I have learned a thing or two in my 15 years as a journalist. No one is truly unbiased, although there is a difference between trying to be unbiased and not caring.
If you cover a topic that is controversial and in the end both sides are mad at you, most likely you did something right. And no matter how perfect you want the paper to be or how hard you try, there will always be some mistakes from time-to-time.
When I got my first journalism job I remember my editor telling me: “You will make mistakes. The difference is that with this job everyone in the city sees them. But if you don’t get some phone calls that is even worse because that means no one is reading.”
That conversation never rang more true than with last week’s paper.
As many, many readers noticed we had a mistake on the front page of the paper. Well, technically more than one.
My story written about author and cartoonist Marc Tyler Nobleman visiting Thoreau Elementary on Finn Hill was front and center. But Thoreau was spelled: Thorough. Not once in the text, but every time it appeared on the front page. It was in the headline, photo cutline and once in the body of the story.
When we realized this had happened it was too late. Somehow the Thoreau got changed to Thorough in our pagination program’s spell check and no one caught it until it was posted online.
But for me this was not the normal “oops” mistake, as my son attends Thoreau Elementary. A parent of one of my son’s classmates and friend of mine was the second person to notice the error and fired off an email to let me know so I could fix it. His was the second of many, many emails we received on the subject.
One of those emails came from a very nice former English teacher and “steady reader” of our paper. She, as others had, notified me of the mistake in a very kind way. I emailed her back to let her know what had happened. I quipped: “I guess we get an ‘F’ on this assignment. Not trying to make light of the mistake but it is better than crying.”
After I sent the email, I realized my fingers were a little too fast and I had spelled Thoreau, Throeau. It was not a good week.
We also received several phone calls pertaining to the mistake in the paper.
Carrie Wood, the paper’s editor, received a phone call from a man who, after she said, “hello”, simply asked “How do you spell Thoreau?” She tried not to laugh and said, “T-H-O-R-E-A-U.” He only replied, “Thank you very much,” and hung up. The call was so abrupt she didn’t even get the man’s name or give an apology.
As the only two people on the Kirkland Reporter editorial staff, we know we are not perfect and we always strive to be THOROUGH. But we try to own up to our mistakes and make things right.

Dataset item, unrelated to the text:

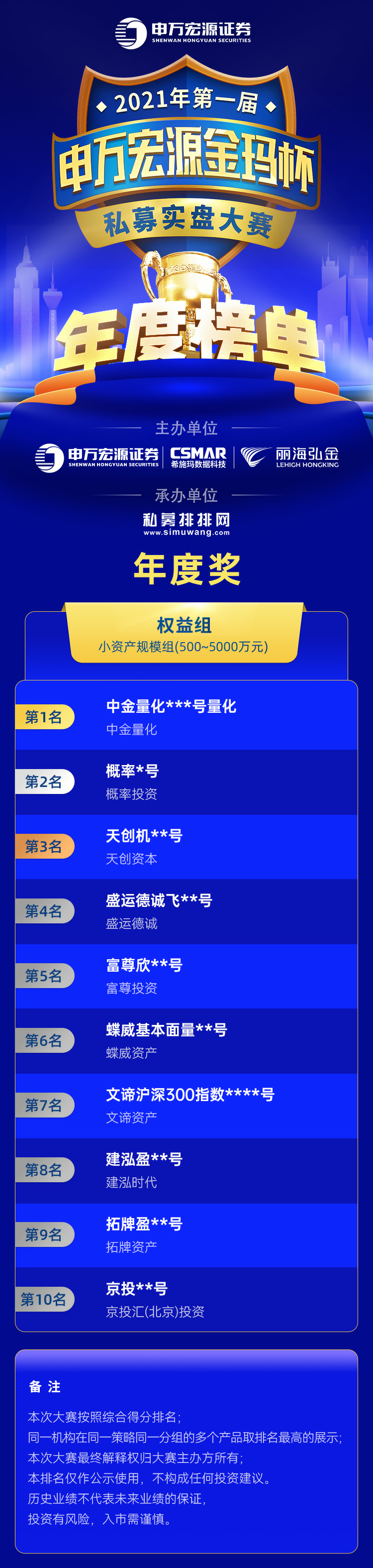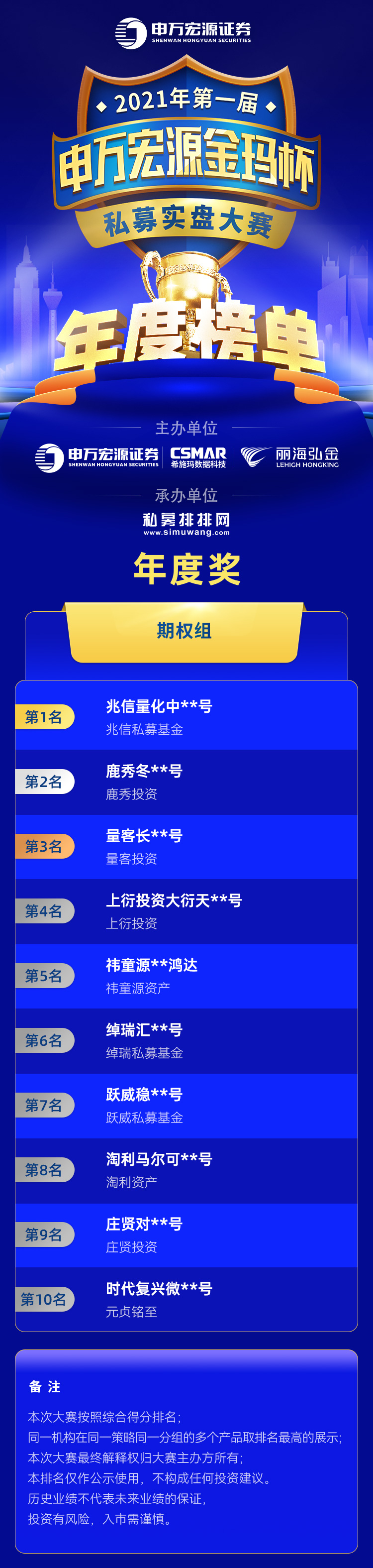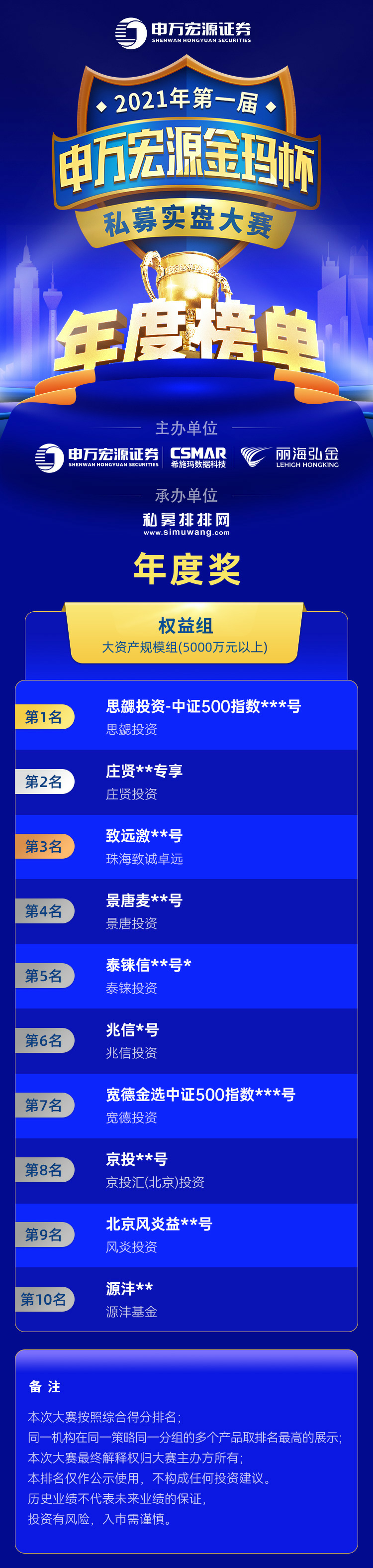 本届私募大赛的年度获奖名单如下所示: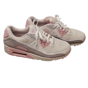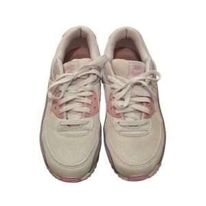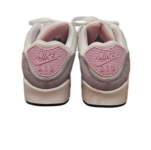 Womens Nike Air Max 90 low casual sneakers in white, grey, and pink. Size 9. Excellent pre-owned condition showing only minor signs of wear, as seen in photos. Smoke-free home. #nike #airmax90 #sneakers #womensshoes

This is not the type of mistake that costs taxpayers money. It is not the type of mistake that demands a correction for reasons of trust. But it is a mistake that we own and try not to let happen.
More egregious errors have run in the paper. We print corrections when they are warranted. We correct stories online when needed.
We also appreciate the high standards that this community holds us. We appreciate your readership. And this mistake has reemphasized the fact that newspapers are not dead and people still read every word – misspelled or not.
But as Henry David Thoreau once said: “One cannot too soon forget his errors and misdemeanors. To dwell long upon them is to add to the offense.”